On the contrary, Obama took care to balance his verbal wrist-slaps with paeans to the capitalist market. He declared, “I’ve always been a strong believer in the power of the free market. I believe that jobs are best created not by government but by businesses and entrepreneurs willing to take a risk on a good idea. I believe that the role of government is not to disparage wealth, but to expand its reach; not to stifle markets, but to provide the ground rules and level playing field that helps to make them more vibrant.”

 

He went further, implicating the American people in an economic catastrophe for which they bear no responsibility and whose victims they are. “The crisis was not just the result of decisions made by the mightiest of financial firms,” he declared. “It was also the result of decisions made by ordinary Americans to open credit cards and take on mortgages.”

 

He returned to this theme to proclaim that the crisis was a “failure of responsibility that led homebuyers and derivative traders alike to take reckless risks they couldn’t afford.

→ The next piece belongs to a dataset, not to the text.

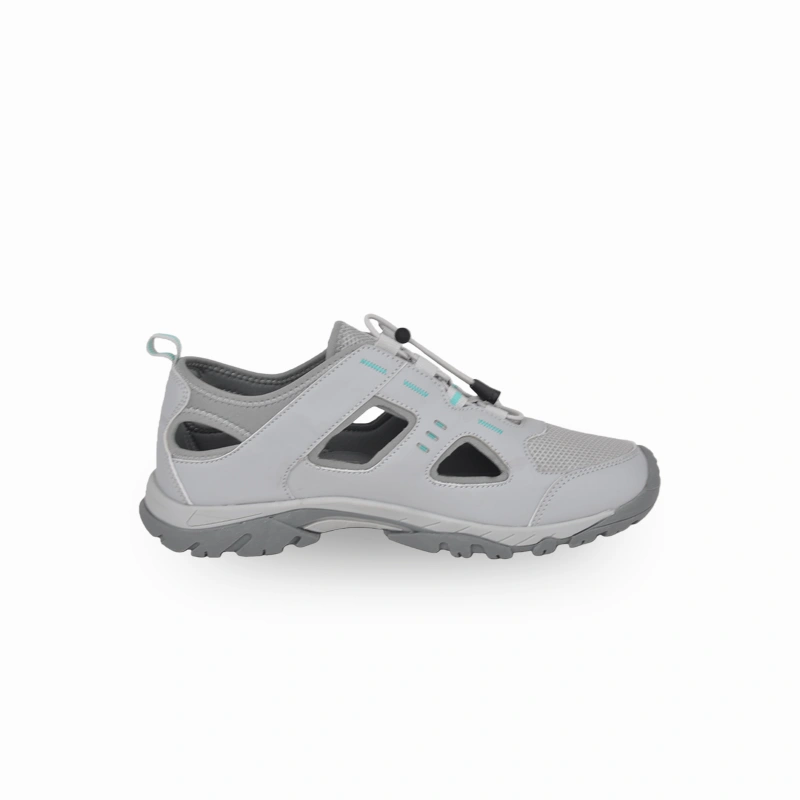 This is a pair of summer outdoor water shoes designed for amphibious scenarios. The upper is mainly gray, paired with turquoise detail accents, and the "WERNER" logo highlights the brand attribute. The hollow design and mesh material balance breathability and drainage, and the quick-lacing system facilitates wearing, taking off, and adjustment. The outsole has strong grip, adapting to slippery roads and various outdoor terrains. The overall design integrates functionality and practicality, making it suitable for water activities like stream trekking and hiking, delivering a comfortable and adaptable wearing experience for users.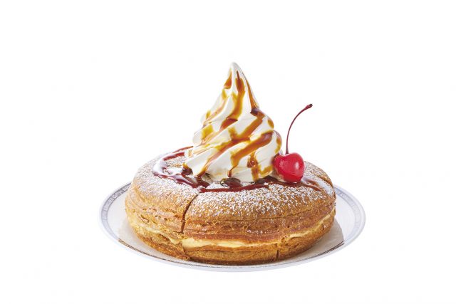 こだわりは、ほかほかのデニッシュパンに挟んだカスタードクリーム。昔ながらの濃厚なプリンを再現すべく、たまごの甘みを感じるなめらかな舌触りのクリームに仕上げました。粉糖をかけたデニッシュパンの上には冷たいソフトクリーム、ほろ苦いカラメルソースをかけ、仕上げにチェリーをトッピング。デニッシュパンに、クリーム、ソース、ソフトクリームを絡めて一口頬張れば、カスタードクリームの優しい甘さとカラメルソースの芳ばしい香りが口の中に広がり、まさにプリンの味わい。大人はもちろん子どもにも親しんでもらえる、王道の味となっています。みんなでシェアできるフルサイズと、ひとりや食後のデザートにぴったりなミニサイズを用意しました。

It was a collective failure of responsibility in Washington, on Wall Street and across America…”

 

Obama linked his demand for “collective responsibility” with a pledge to impose austerity measures on the American people. He promised his well-heeled audience that he would put the country “on a secure fiscal footing” by “cutting programs that don’t work.” He reiterated that his plan to slash health care for the working class, in the name of “reform,” would “not add a dime to the deficit.”

 

Obama characterized his regulatory proposals as “the most ambitious overhaul of the financial system since the Great Depression.” This is a fraud. He is proposing nothing approaching the structural reforms enacted under Franklin D. Roosevelt. On the contrary, he is opposing the restoration of any of the key elements of New Deal banking reforms that have been dismantled over the past three decades. This includes the Glass-Steagall ban on investment banking by commercial banks.

 

Instead, he is proposing a hodge-podge of minor measures which will do nothing to rein in the speculative activities of the banks and hedge funds. His Consumer Financial Protection Agency would merely establish a new agency to oversee consumer credit without giving it any powers beyond those presently spread out among a number of different regulators. In any event, this proposal is a dead letter because it is fiercely opposed by the banks.

 

His proposal to regulate the vast, unregulated derivatives market—a key component of the so-called “shadow banking system”—has so many loopholes that even the New York Times complained in an editorial Monday that it is toothless.

 

The main features of his proposal would give the Federal Reserve greater power to oversee the financial markets and establish a new mechanism for bailing out failing financial institutions, including non-bank firms. The underlying premise is that no serious restrictions can be placed on the banks, so new rules must be put in place to deal with the next crisis.

 

Any regulatory “reform” that might emerge from Congress will be drafted by Wall Street lobbyists working behind the scenes with politicians bought and paid for with campaign contributions and other bribes. The Center for Responsive Politics recently reported that the financial industry, along with the insurance and real estate sectors, has already given more than $50 million in campaign contributions so far this year. The financial industry has spent more than $222 million lobbying Washington, where it deploys more than 2,300 lobbyists.

 

In the end, Obama was reduced to pleading with Wall Street to take its “obligation” to the country to heart and “embrace serious financial reform, not fight it.”